YOUR OBJECTIVE — An exact reproduction of all the data is needed, with no images in it.

DATA EXCERPT —
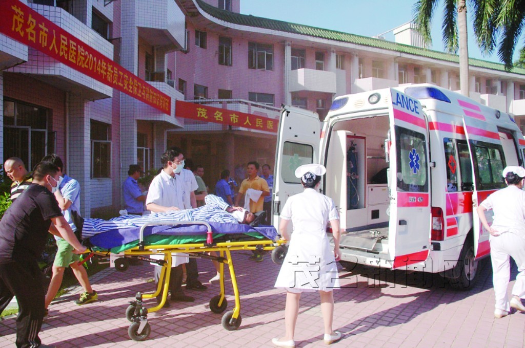 昨天下午,茂名市人民医院3号楼冒起冲天浓烟,瞬间警笛嘶鸣,楼内大量医患人员在保卫人员的协助下,紧张有序地从病房向楼梯口方向迅速逃生,安全保卫、消防人员火速赶赴现场进行扑救。这近似真实的情景,正是茂名市人民医院组织的大型消防演习中的一幕。
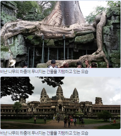 캄보디아의 시엠립(Siem Reap)에서 밀림속으로 몇 분을 달리다보니 차창 밖으로 거대한 나무들이 나타난다. 바냔 나무(Banyan Tree)이다. 바냔 나무의 모습이 가득한 곳으로 들어서면 호수를 끼고 나타나는 신비스러운 기운이 감돈다. 앙코르와트의 모습이 서서히 물에 반영되고 나무위에서는 원숭이들의 모습이 사람이 모여드는 곳임을 느끼게 한다.
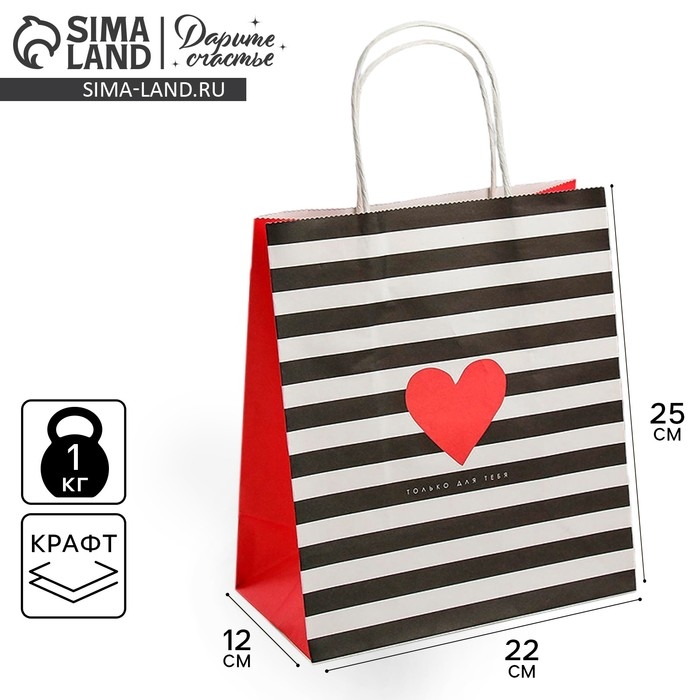 Пакет подарочный крафт, упаковка, «С Любовью», 22 х 25 х 12 см

SOLUTION TO THIS PROBLEM —
 昨天下午,茂名市人民医院3号楼冒起冲天浓烟,瞬间警笛嘶鸣,楼内大量医患人员在保卫人员的协助下,紧张有序地从病房向楼梯口方向迅速逃生,安全保卫、消防人员火速赶赴现场进行扑救。这近似真实的情景,正是茂名市人民医院组织的大型消防演习中的一幕。
 캄보디아의 시엠립(Siem Reap)에서 밀림속으로 몇 분을 달리다보니 차창 밖으로 거대한 나무들이 나타난다. 바냔 나무(Banyan Tree)이다. 바냔 나무의 모습이 가득한 곳으로 들어서면 호수를 끼고 나타나는 신비스러운 기운이 감돈다. 앙코르와트의 모습이 서서히 물에 반영되고 나무위에서는 원숭이들의 모습이 사람이 모여드는 곳임을 느끼게 한다.
 Пакет подарочный крафт, упаковка, «С Любовью», 22 х 25 х 12 см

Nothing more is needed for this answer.